__Task requirements__:
Once the line with "- Couleurs : structure" is found, write it out along with every line after it, exactly, up to the last line of the entries below. Exclude pictures.

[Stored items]
☆ ☆ ☆
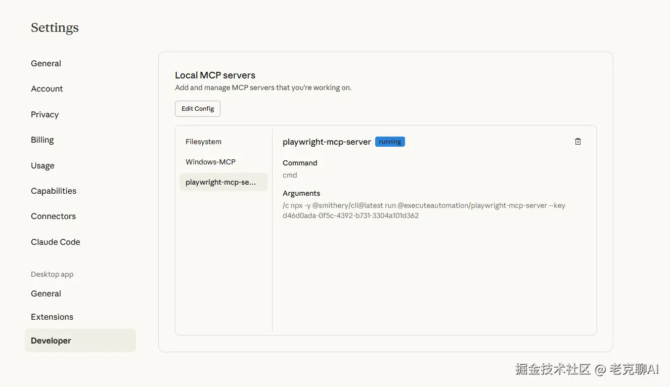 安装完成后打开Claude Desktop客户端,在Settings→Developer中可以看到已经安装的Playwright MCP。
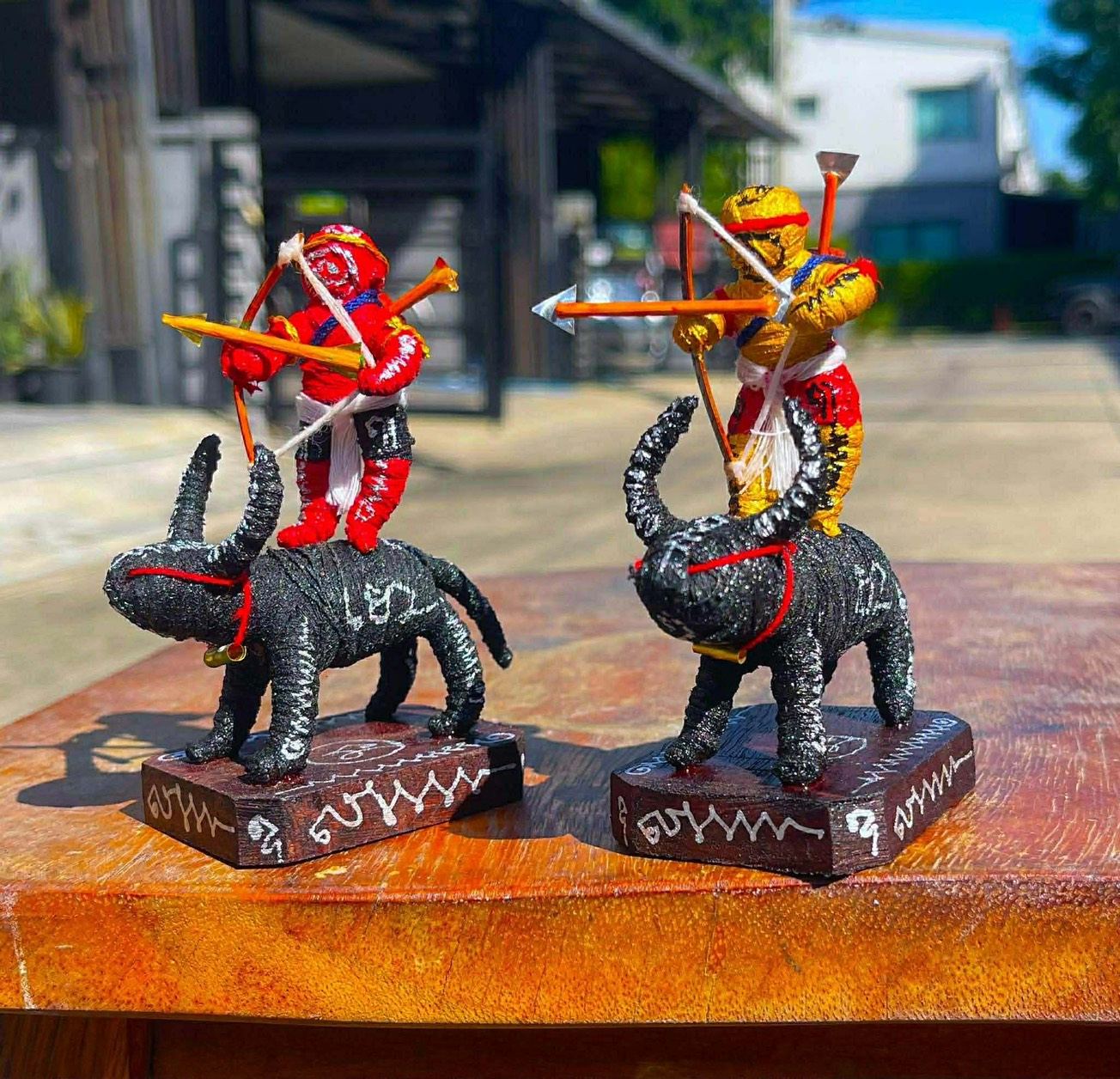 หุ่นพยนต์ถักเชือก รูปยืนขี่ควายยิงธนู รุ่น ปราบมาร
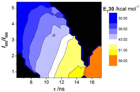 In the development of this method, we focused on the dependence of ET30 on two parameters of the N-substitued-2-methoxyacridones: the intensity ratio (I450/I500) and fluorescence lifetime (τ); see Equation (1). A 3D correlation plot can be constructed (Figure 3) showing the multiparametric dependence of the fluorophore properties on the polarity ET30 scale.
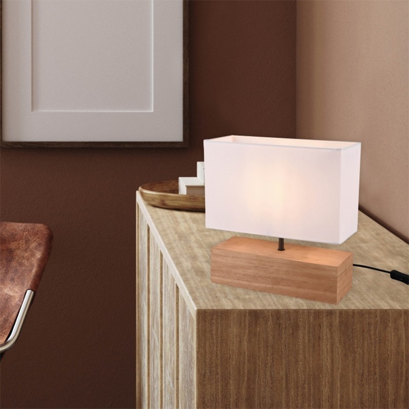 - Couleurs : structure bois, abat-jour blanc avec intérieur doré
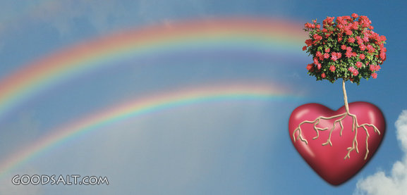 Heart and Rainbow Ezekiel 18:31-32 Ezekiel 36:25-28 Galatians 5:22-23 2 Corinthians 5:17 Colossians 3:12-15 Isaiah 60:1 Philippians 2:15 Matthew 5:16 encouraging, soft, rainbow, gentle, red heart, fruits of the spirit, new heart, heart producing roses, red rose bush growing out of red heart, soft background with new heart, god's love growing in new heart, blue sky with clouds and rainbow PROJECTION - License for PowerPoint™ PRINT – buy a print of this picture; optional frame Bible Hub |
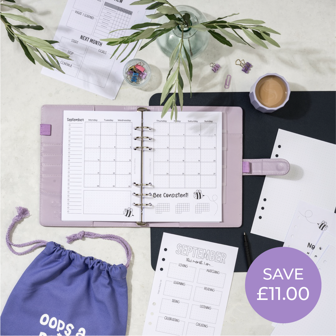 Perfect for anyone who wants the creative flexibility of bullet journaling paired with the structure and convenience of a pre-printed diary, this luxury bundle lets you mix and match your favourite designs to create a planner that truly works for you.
☆ ☆ ☆
__Exercise result__:
 - Couleurs : structure bois, abat-jour blanc avec intérieur doré
 Heart and Rainbow Ezekiel 18:31-32 Ezekiel 36:25-28 Galatians 5:22-23 2 Corinthians 5:17 Colossians 3:12-15 Isaiah 60:1 Philippians 2:15 Matthew 5:16 encouraging, soft, rainbow, gentle, red heart, fruits of the spirit, new heart, heart producing roses, red rose bush growing out of red heart, soft background with new heart, god's love growing in new heart, blue sky with clouds and rainbow PROJECTION - License for PowerPoint™ PRINT – buy a print of this picture; optional frame Bible Hub |
 Perfect for anyone who wants the creative flexibility of bullet journaling paired with the structure and convenience of a pre-printed diary, this luxury bundle lets you mix and match your favourite designs to create a planner that truly works for you.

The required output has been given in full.